Initially funded by a modest $500,000 grant from USDOE in 2012, program services are coordinated by the School of Social Work at the University of Maryland, which partnered with churches, schools, community groups, and Baltimore’s social workers to “test out ways” to help the children in neighborhoods plagued by poverty and violence (McDaniels, 2014):  The goal of the multiyear initiative is to combat the cycle of poverty by wrapping children and families in supportive services from cradle to college. Dealing with trauma is a major focus of that work” (para 13). 
         Trauma comes in the form of post-traumatic stress disorder (PTSD), which affects as many as a third of Promise Height elementary and middle school children who have been exposed to violence inside or outside the home:
Some students bit classmates, leaving teeth marks on hands and cheeks; a few threatened to hurt staff members. Other children, dubbed “runners,” darted out of the building and down barren city blocks, with frantic teachers on their heels. The encounters exhausted Johnson and other teachers, who began to see the children as troublemakers.

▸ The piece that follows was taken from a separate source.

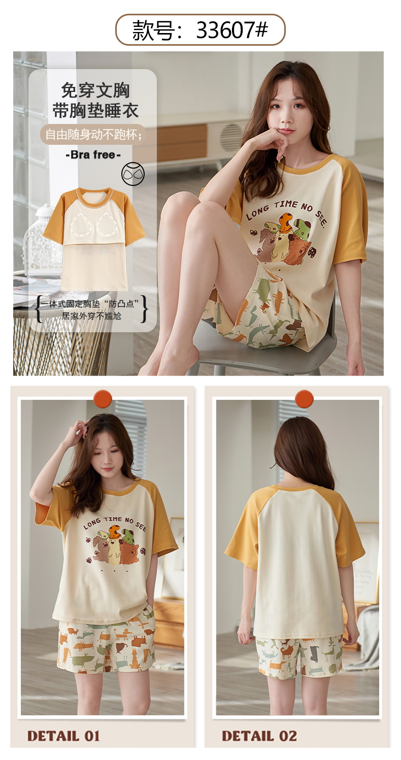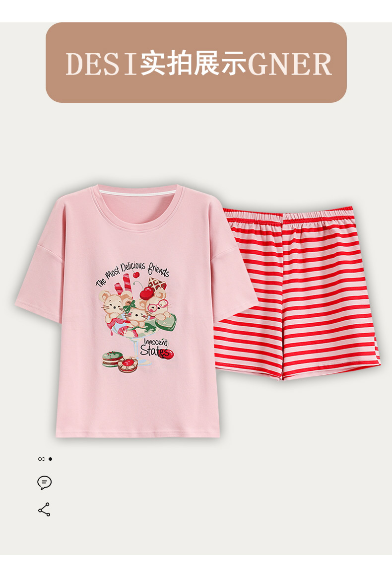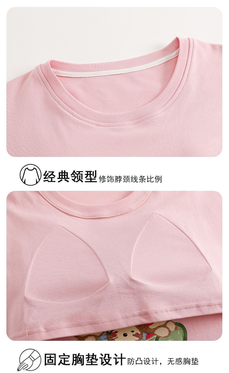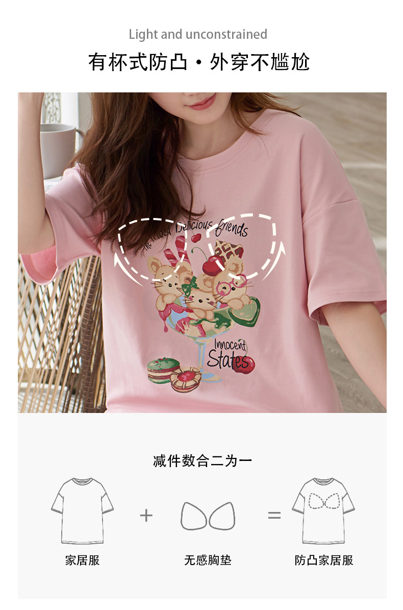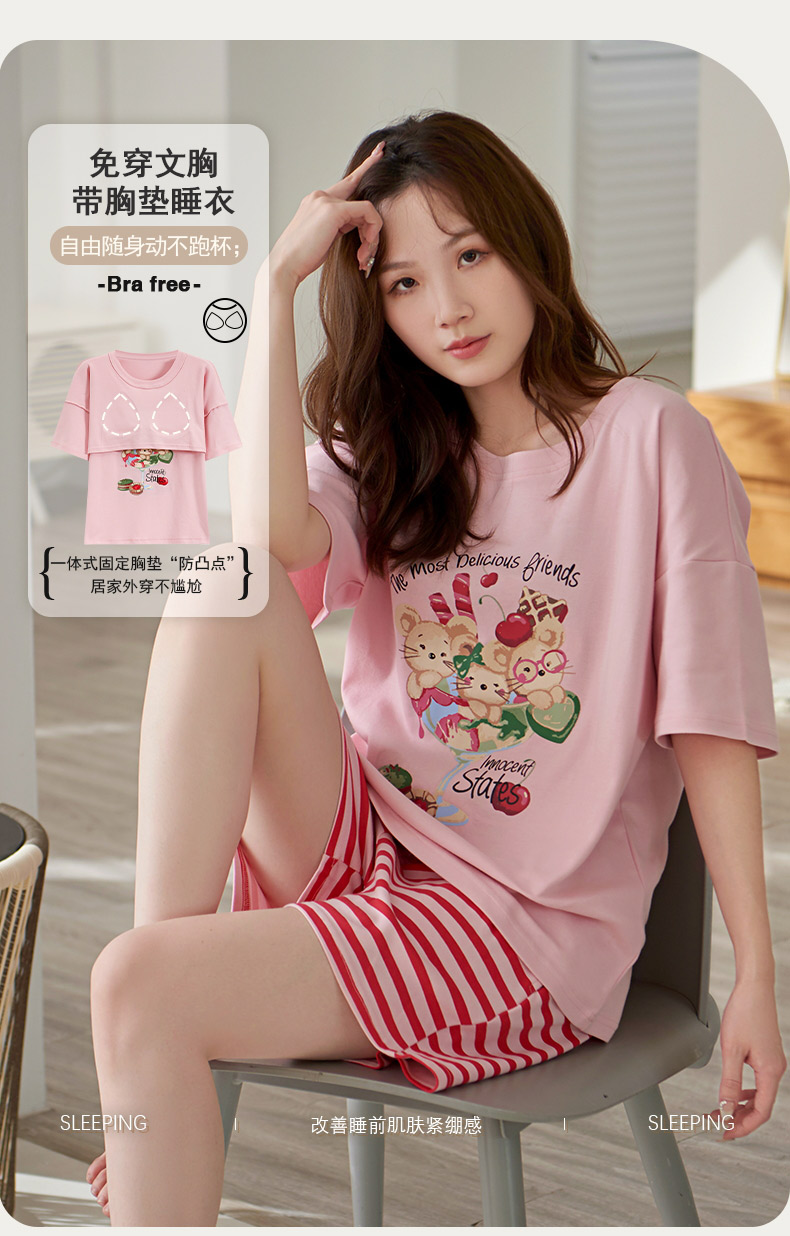 自然醒彩虹牛奶丝(带胸垫)一体睡衣女夏短袖薄款韩范甜美休闲可外穿家居服QH

. . . .Studies have piled up showing that in the tangle of tough, intractable issues like poverty and drug addiction, exposure to violence is a major factor damaging children's health. The stress that fills their little bodies breeds anxiety and depression, making it hard for them to concentrate in school. In fact, research has found that such experiences hurt the development of crucial areas of their brains — those involving attention, memory and behavior control. In the worst cases, children walk around with symptoms of post-traumatic stress disorder no different from those plaguing soldiers who have fought on the front lines (para 3, 7).

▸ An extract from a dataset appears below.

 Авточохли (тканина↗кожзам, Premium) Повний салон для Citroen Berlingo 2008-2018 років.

Strategies used in the Promise Heights program, however, do not focus on behavioral lockdown or experiments to build self-control and grit among children with little capacity for either.  Instead, social workers are in the schools and in homes to work with teachers and parents to understand what is going on and to provide interventions that preserve the dignity of children, parents, and teachers, alike.  No one is asked to sacrifice her childhood:  The University of Maryland team has embedded social workers in neighborhood schools. They make home visits and coach adults on parenting. Teachers learn that instead of asking a misbehaving child, “What's wrong with you?” they need to ask, “What happened last night?”
Other services include psychological services, parenting courses, wellness programs, prenatal childcare, asthma treatment, GED classes, job counseling, and a “parent scholar program,” which puts parents in classrooms to assist teachers. In the first year of the parent scholar program that had five parent scholars embedded in one school, school suspensions fell by 43 percent.
         Results for Promise Heights are encouraging, and it provides but a single example—a beginning point to address the many inequalities that consistently produce achievement gaps, which are the obvious symptoms of the growing child poverty that paternalist reformers and supporters of the KIPP Model ignore.  There may have been at one time an excuse for such disregard, but with what we know and can no longer deny there can be no excuse for imposing tried-and-failed remedies from previous centuries that exacerbate the problems, now grown epidemic.  Surely the very notion of education reform deserves something better if it is escape the long shadow cast by patronizing and racist education policy.